Where does this start? Someone turns their pick-up around in a parking lot. Or a Toyota cuts across fresh snow. Or a motorcycle skids to a stop on a rainy street. We make these marks and then pass on. They’re industrial, mass-produced, and there are many thousands of them, but each is different. To isolate one is to imply the others: the stretches of road and ramp that crisscross the country, all marked up and left behind.
If you meticulously trace these marks with a needle and black thread, reproducing them on white linen, you’re doing them a startling honor. Like an early American sampler or a funeral shroud. Stitch by stitch, you place them in another world, a softer and more organic one. The tire treads in their “natural” symmetry begin to resemble bark or vine or animal tracks. They become ghosts of the original marks, remains carefully preserved.

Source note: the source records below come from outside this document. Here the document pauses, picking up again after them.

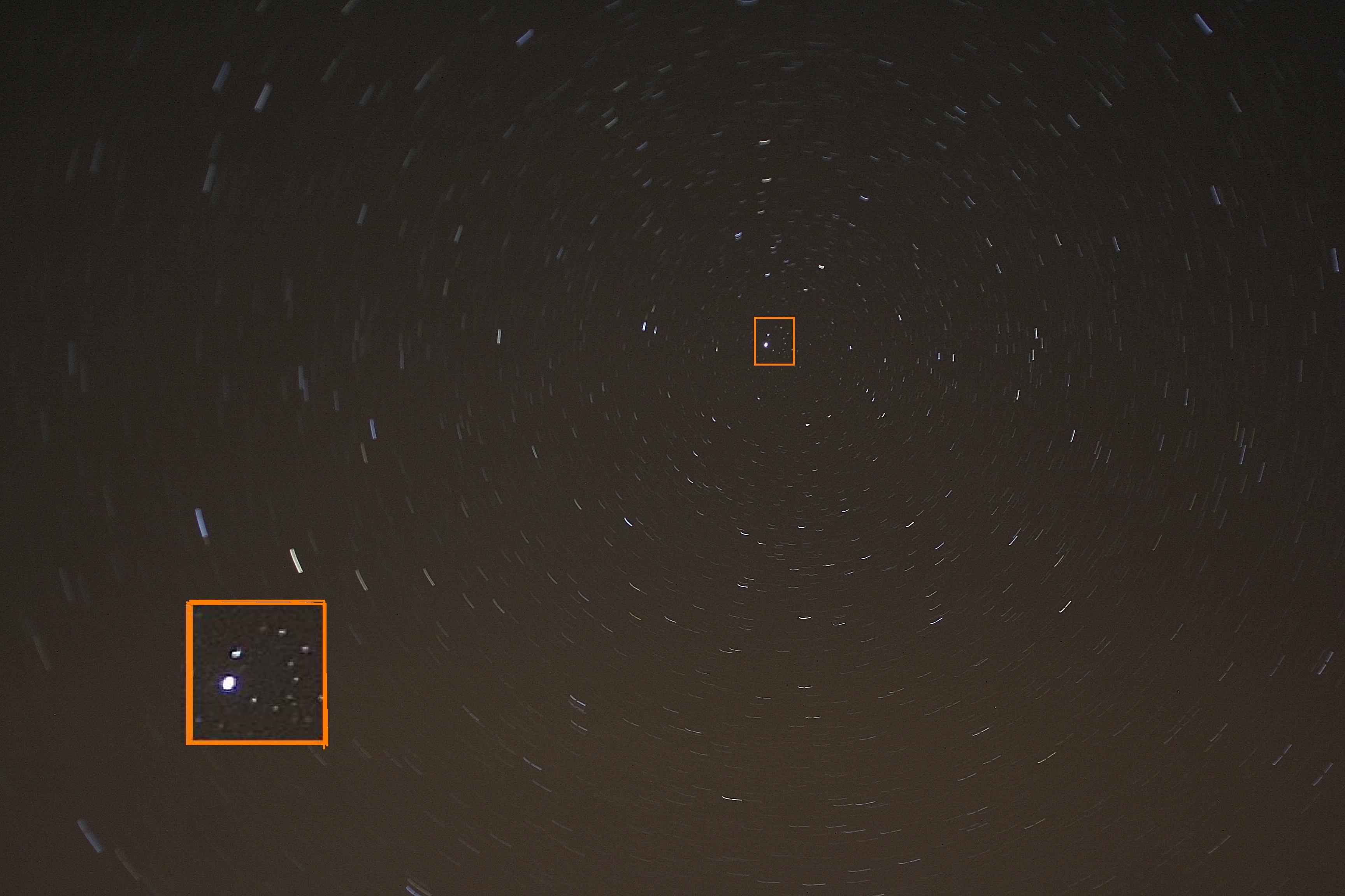 Unter besten Bedingungen belichtete ich mithilfe eines selbst gebastelten Tischstatives die Zirkumpolarregion. Deutlich sieht man den kleinen Wagen. Im Ausschnitt erkennt man den Polarstern und Harrington1, eine sichelförmige Sternenkette, die zufällig genau in dieser Sichtlinie liegt und den Anschein erweckt, als würde sie den Polarstern umschließen.
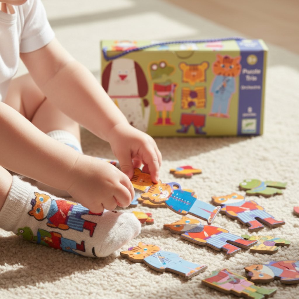 Hra, která je zábavná a jednoduchá na hraní. Pomáhá rozvíjet pozorovací schopnosti a jemnou motoriku. Silné kartonové dílky puzzle se snadno uchopují. Barevná krabička, která je zábavná a snadno se přenáší díky provázku. Vyrobeno z papíru a lepenky s certifikací FSC®.
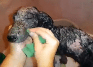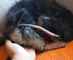 The following day, Neve was taken to the veterinarian. Her wounds were treated, her skin condition addressed, and tests revealed that she was anemic, explaining her constant exhaustion. With proper nutrition, medication, and rest, her recovery could finally begin. For the first time in ages, Neve had a warm bath, a full meal, and a soft place to sleep. That night, she rested deeply, her body finally able to relax.
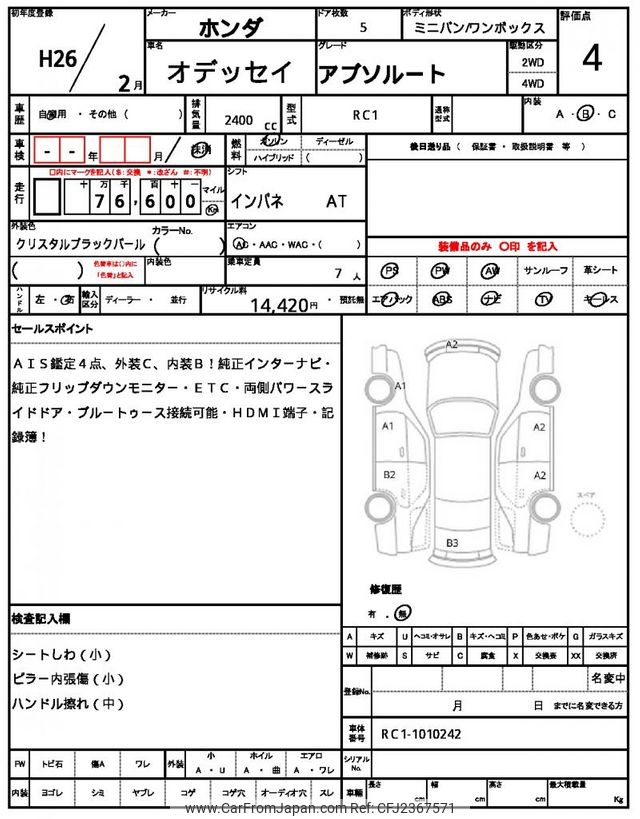Honda Odyssey 2014 for sale in Zambia (Zmw. 214,331)
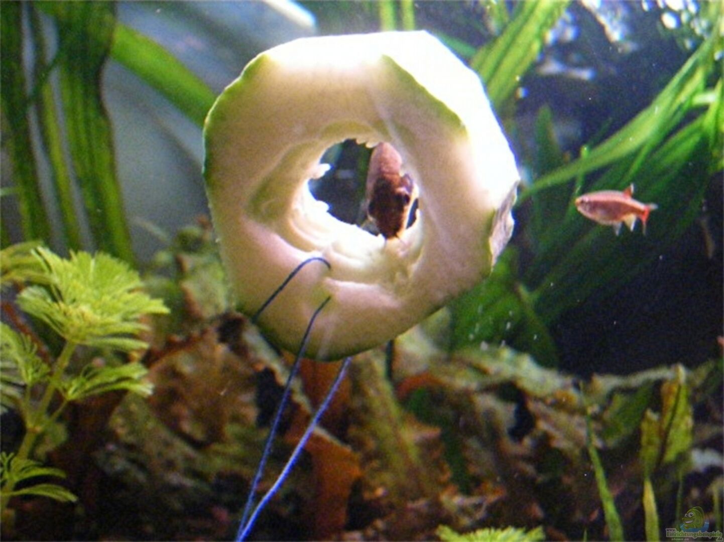 Hab heute zum ersten Mal Gurke verfüttert. Erst waren alle im Becken skeptisch, aber nach einer halben Stunde waren alle hoch erfreut darüber.

That exacting, precise honoring amounts to a revelation. Its meaning changes with perspective. You think you’re looking down at a mark on a road until your eyes reach the excess black thread dangling at the edge of the fabric. Then you realize that gravity’s at work, that the mark has been lifted off the street and hung on a wall. It is — you are — transported. Now you can read from top to bottom, from the seemingly arbitrary start of the sewn tread to where it streams off at the bottom like so much dark water. Or you can read side-to-side, so that the white fabric is interrupted by some black event, the white forced into wedges and islands until the event ends, and there’s blank peace once more.
The treads are a pattern, and a pattern — on a tire or in nature — is a message, a message we barely understand. Tape a bunch of postcards together so they form a field; completely cover them with the deep black of an oil stick; then scrape off a pattern using a palette knife. The pattern reveals the bright colors of the hidden cards but, again, barely. A scraped rainbow uncovers parts of a smiling woman, a couple at dinner, a naked body. There’s some sort of lively, remembered history buried beneath the surface, which the patterns — rainbow, cross-hatched circle, human profile — can’t quite bring back. The scraping off, labored and full of human error, becomes a kind of inadequate struggle to get over or through sadness.
“Nature is but another name for health,” Thoreau says. Its patterns are miracles of reproduction and growth. But to turn from tires and postcards and try to capture nature’s shapes is to overwhelm a blank page with the black lead of a pencil. It makes visible the effort to see and leaves the subjects — sunflowers at the end of the season, trailing vines, knots in wood — as emerging shapes in an almost overwhelming darkness. If the alternating pattern of sycamore bark is Nature, is Health, it seems just beyond our reach: thousands of marks we overlook (again) and leave behind.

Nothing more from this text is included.